Averti la veille par la rédaction de son journal, The World, Nzima s'était rendu sur place tôt le matin. Il était au milieu des étudiants lorsque les policiers ont fait usage de la force. "Ils ont commencé à tirer. Ils tiraient au hasard", se souvient-il.

Touché d'une balle dans la tête, Hector Pieterson, 13 ans, tombe. Un ami le ramasse pour tenter de l'emmener à l'hôpital. Nzima prend une séquence de six photos avec son Pentax SL, doté d'un objectif 50mm. C'est la troisième, "la meilleure, la plus compacte", qui sera retenue. Corps sans vie, la bouche en sang, Hector Pieterson est porté par Mbuyisa Makhubu, le visage tordu de douleur. A ses côtés, légèrement en retrait, Antoinette, sa soeur, en uniforme d'écolière, semble perdue dans sa peine.

Nzima enlève la pellicule de l'appareil et la cache dans une de ses chaussettes. Quelques heures plus tard, la photo fait la une de l'édition du soir du World. Le lendemain, 17 juin, elle est "dans tous les journaux britanniques".

Le monde découvre la sanglante répression d'une révolte étudiante.

Nzima va connaître le harcèlement policier, les pressions, la peur.

Accusé d'avoir donné "une mauvaise image du pays", il est traqué par les forces de l'ordre. Contraint de quitter Soweto, où il vit avec sa femme et ses quatre enfants, il rentre à Lillydale, son village natal, où il ouvre une épicerie. Rapidement, le photo sera censurée, The World contraint de fermer ses portes. Mais le harcèlement de Nzima cesse pas pour autant.

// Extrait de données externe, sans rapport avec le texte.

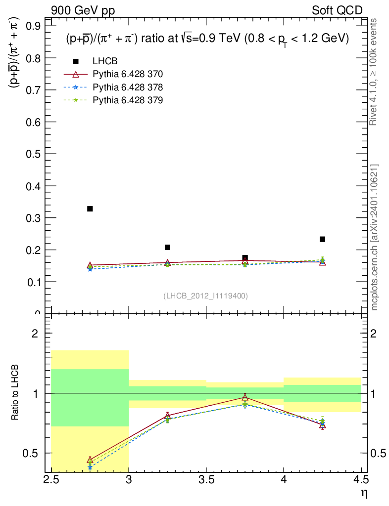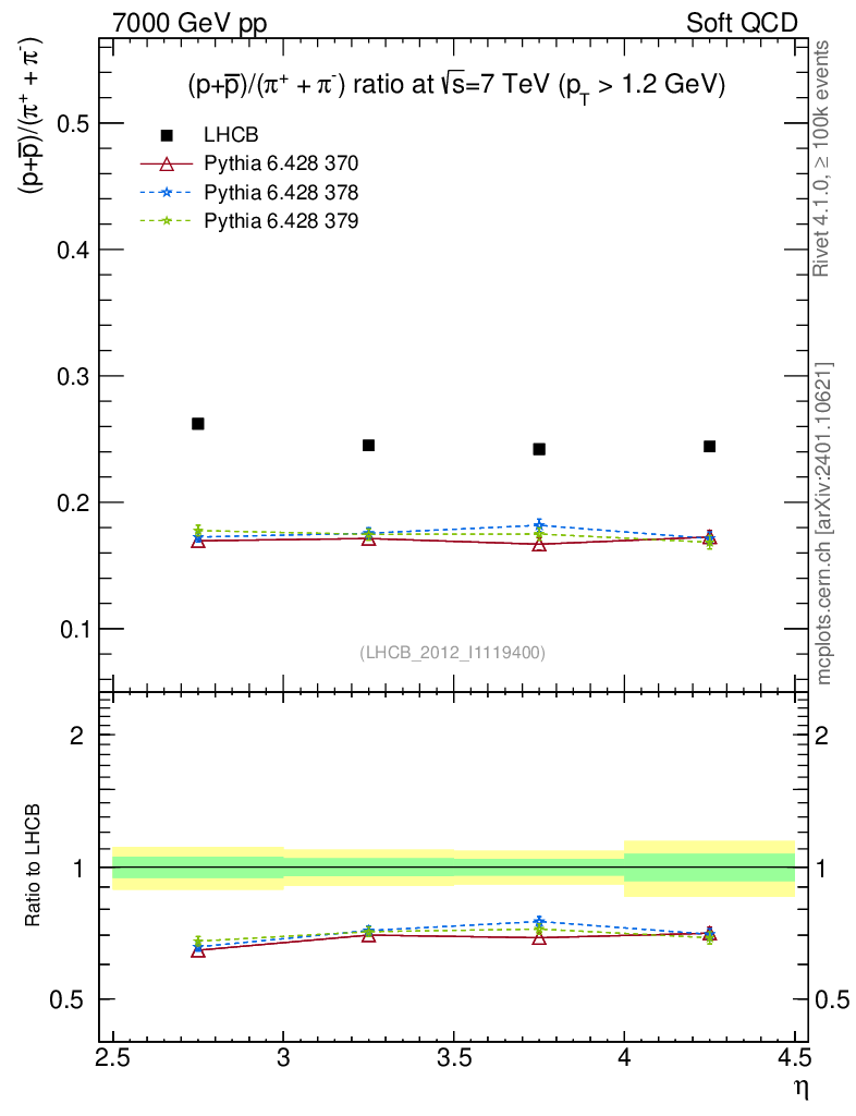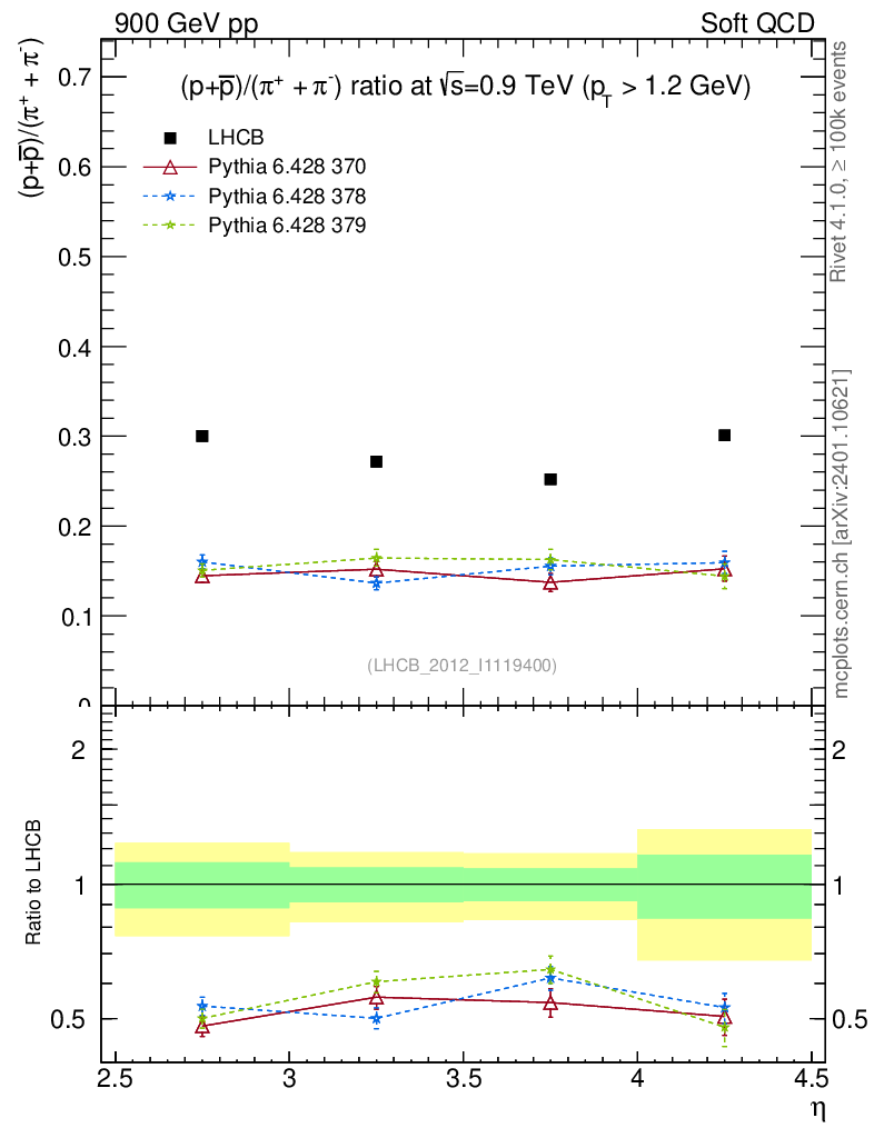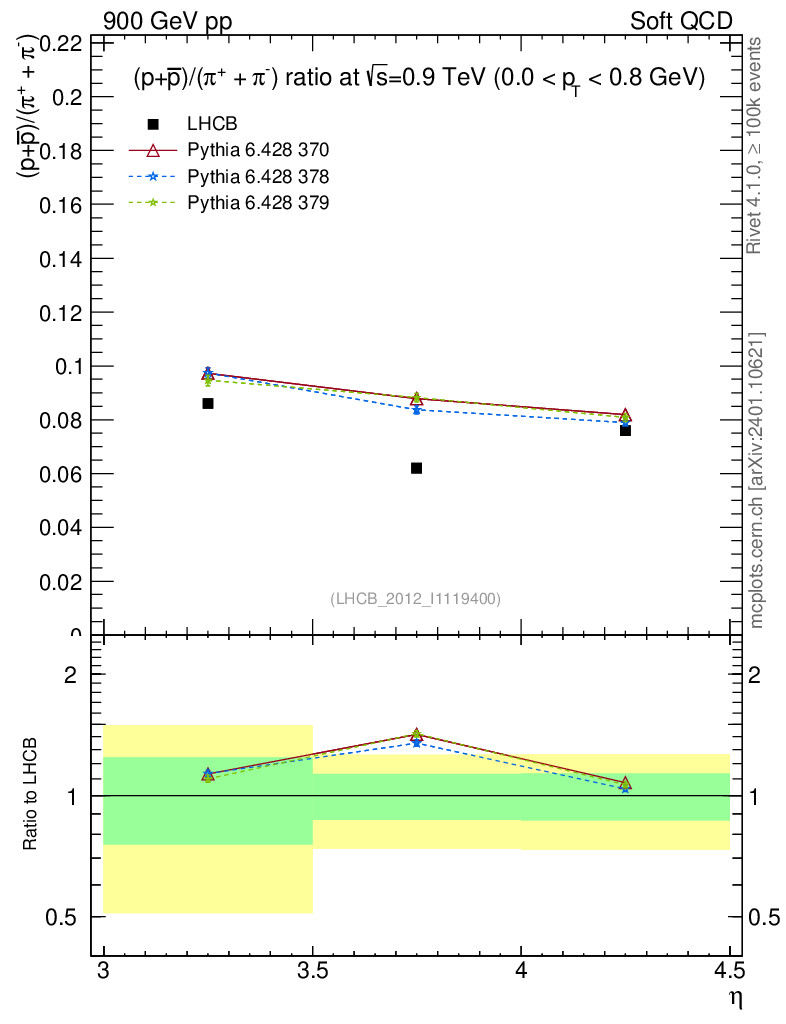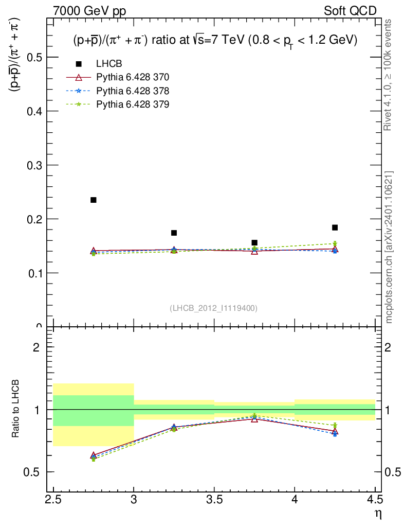 Soft QCD (inelastic) : Identified Particles : Ratios : (pbar+p)/(π-+π+) vs |y|
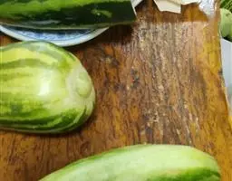 底部为深绿色,上方为橙黄色,并有淡黄色条纹相间,嫩瓜可食用,老熟
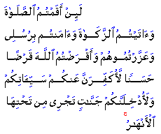 God does not give His blessings as a personal favour or a personal gift. This comes only after its conditions are fulfilled. This was true in this particular covenant God made with the Children of Israel. The first condition was to attend to prayer. This is more than merely offering prayers. It means that prayers should become a manifestation of a true relationship between man and his Lord. Second was charitable payment, in recognition of God's favour for having given us what we have and by way of acknowledgement of the fact that whatever we may own actually belongs to God. The next condition was to believe in God's Messengers making no distinction between them. Every single one of them was sent by God to preach the same message. In addition to zakat, giving generously to support God's cause is mentioned as a loan given to God. Since God has promised to return to man every penny that he spends in His way along with His reward, which will be several-fold, the Quran characterizes this spending as a loan to God. To forgive someone's evil deeds signifies two things:
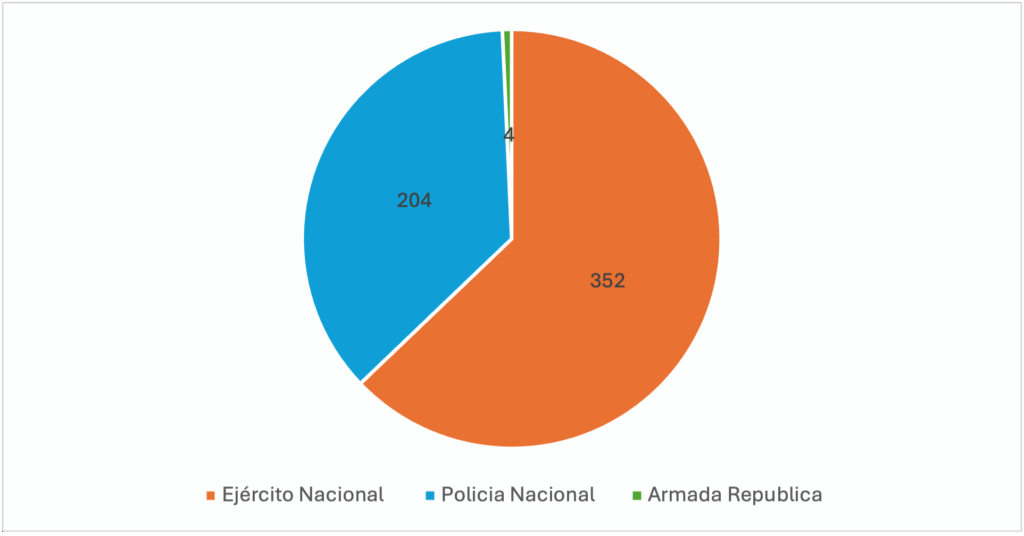 Ilustración 1. Afectaciones por instituciones Enero -Julio 2025. Fuente: Ministerio de Defensa. Elaborado por: Fundación Paz & Reconciliación.
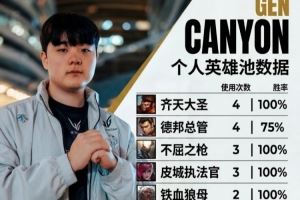 先鋒賽前瞻:Canyon9個(gè)英雄猴子勝率100%Junjia15個(gè)英雄
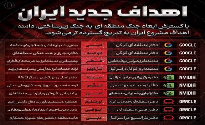 Το Ιρανικό πρακτορείο ειδήσεων Tasnim δημοσίευσε μια λίστα με γραφεία και υποδομές -με τις ακριβείς διευθύνσεις τους παρακαλώ- κορυφαίων αμερικανικών εταιρειών με δεσμούς με το Ισραήλ, και των οποίων η τεχνολογία έχει χρησιμοποιηθεί για στρατιωτικές εφαρμογές, περιγράφοντάς τες ως “νέους στόχους του Ιράν”!
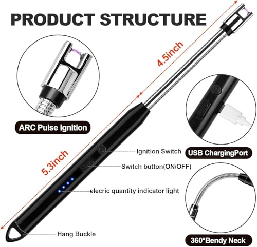 - 【فوهة طويلة ومرنة وتصميم مريح】 سواء كنت بحاجة إلى إضاءة شمعة أو شواية أو ألعاب نارية، فإن هذه الولاعة الفريدة ذات الفوهة الطويلة والمرنة تجعل من السهل الوصول إلى أصعب الأماكن. لا تقلق بعد الآن بشأن احتراق أصابعك واستمتع بالراحة التي توفرها.
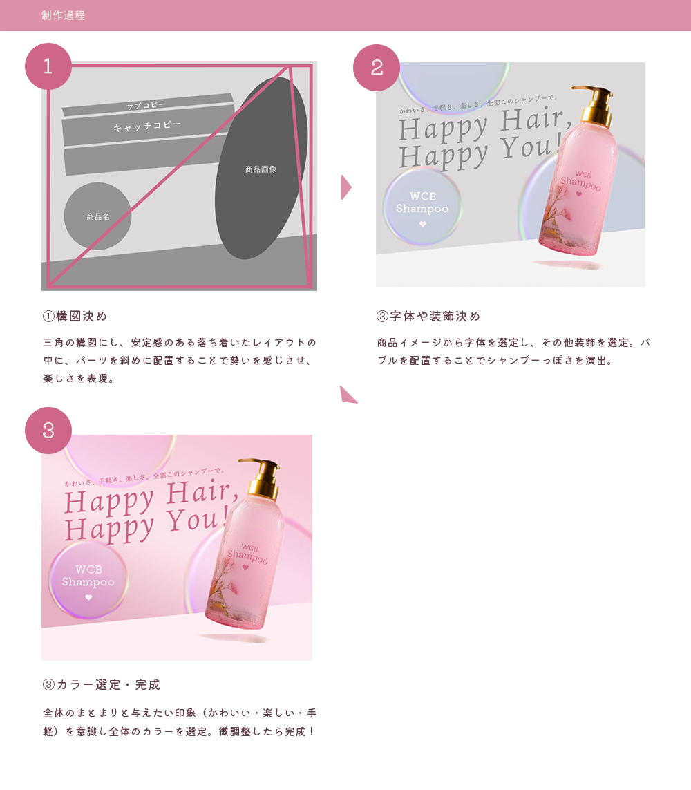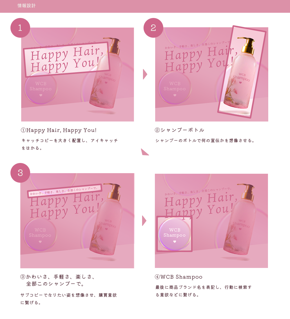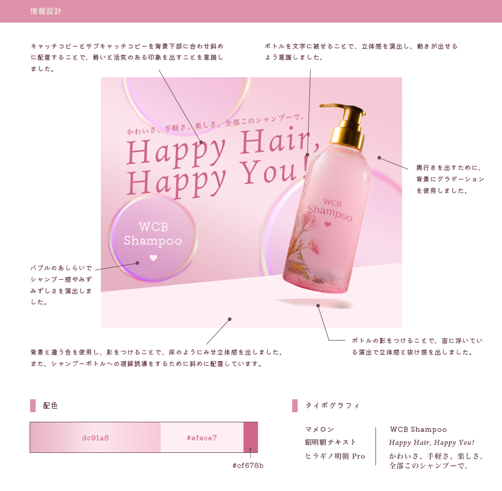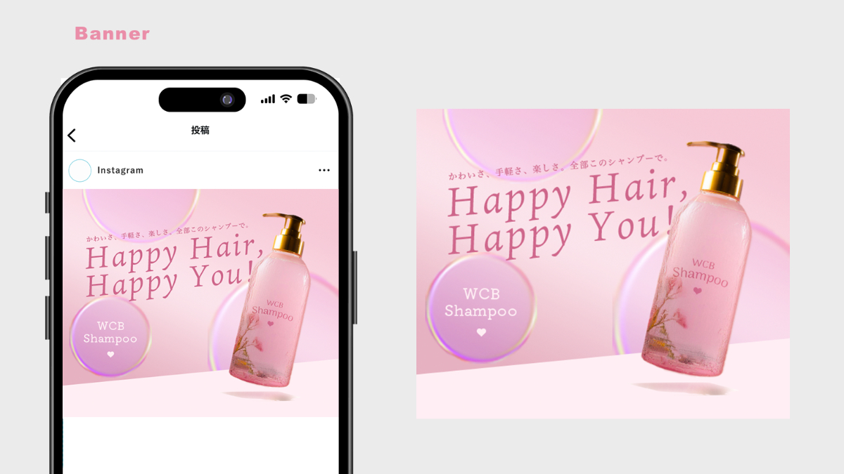 https://www.webcreatorbox.com/blog/banner-design-10 の 架空案件で新商品シャンプーのバナー制作をしました。
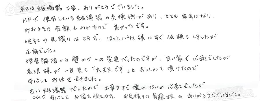 本日は給湯器工事、ありがとうございました。
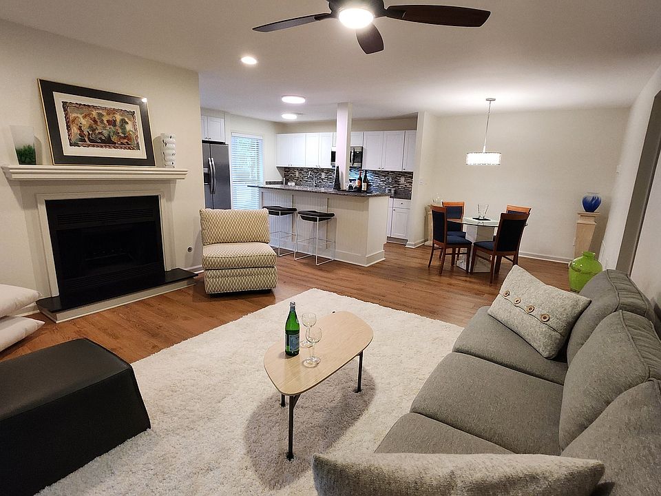 Don't miss this beautifully updated condo featuring an open concept plan with the kitchen totally open to the living and dining spaces! The kitchen features granite countertops, mosaic backsplash, and stainless-steel appliances! The newly updated bath features a new vanity with granite countertop, double bowl stainless-steel sink with disposal and pullout faucet, porcelain floor and wall tile! The rooms are spacious and have been freshly painted in a neutral palate! Smooth finished ceilings throughout! LVP flooring! Beautiful light fixtures and fans all feature LED lighting and dimmers throughout! Laundry room comes with LG front load washer and dryer with storage pedestals! Don't miss the huge screen porch that has been freshly painted to match the interior color palate and carpeted with carpet tiles and lit with LED Edison style string lights to create a warm glow for entertaining or just relaxing and enjoying the wooded views!

Quelques mois après son arrivée, il reçoit la visite de policiers qui viennent s'assurer qu'il n'a pas l'intention de poursuivre ses activités "subversives" depuis son village. "Joernalis van die kak" (journaliste de merde), lui lance en afrikaans l'officier venu lui signifier son assignation à résidence. "Si vous refaites ce que vous avez fait à Soweto, on vous envoie en prison".

La pression s'estompera peu à peu. Mais Nzima ne reprendra jamais son appareil: "Il n'y avait pas de journaux ici, pourquoi prendre des photos ?".

Aujourd'hui retraité, il raconte inlassablement son histoire, étroitement liée à celle du 16 juin 1976, dans les écoles et les collèges. La photo lui apporté une forme de gloire - il se rappelle, ému, de ses rencontres avec Bill Clinton et Nelson Mandela - mais peu d'argent. A l'issue d'une longue bataille, il a récupéré ses droits en 1998, mais a beaucoup de mal à les faire respecter. Fier de son travail, devenu une référence du photojournalisme, il est un peu amer du manque de reconnaissance, symbolique et financière, de la part du gouvernement.

Nzima a précieusement conservé le Pentax SL qu'il vendra peut-être un jour, "aux enchères", pour financer un projet de musée, juste derrière sa maison. Les négatifs ont disparu. "Personne ne sait où ils sont. Ils ont fermé le journal. Ils ont tout détruit".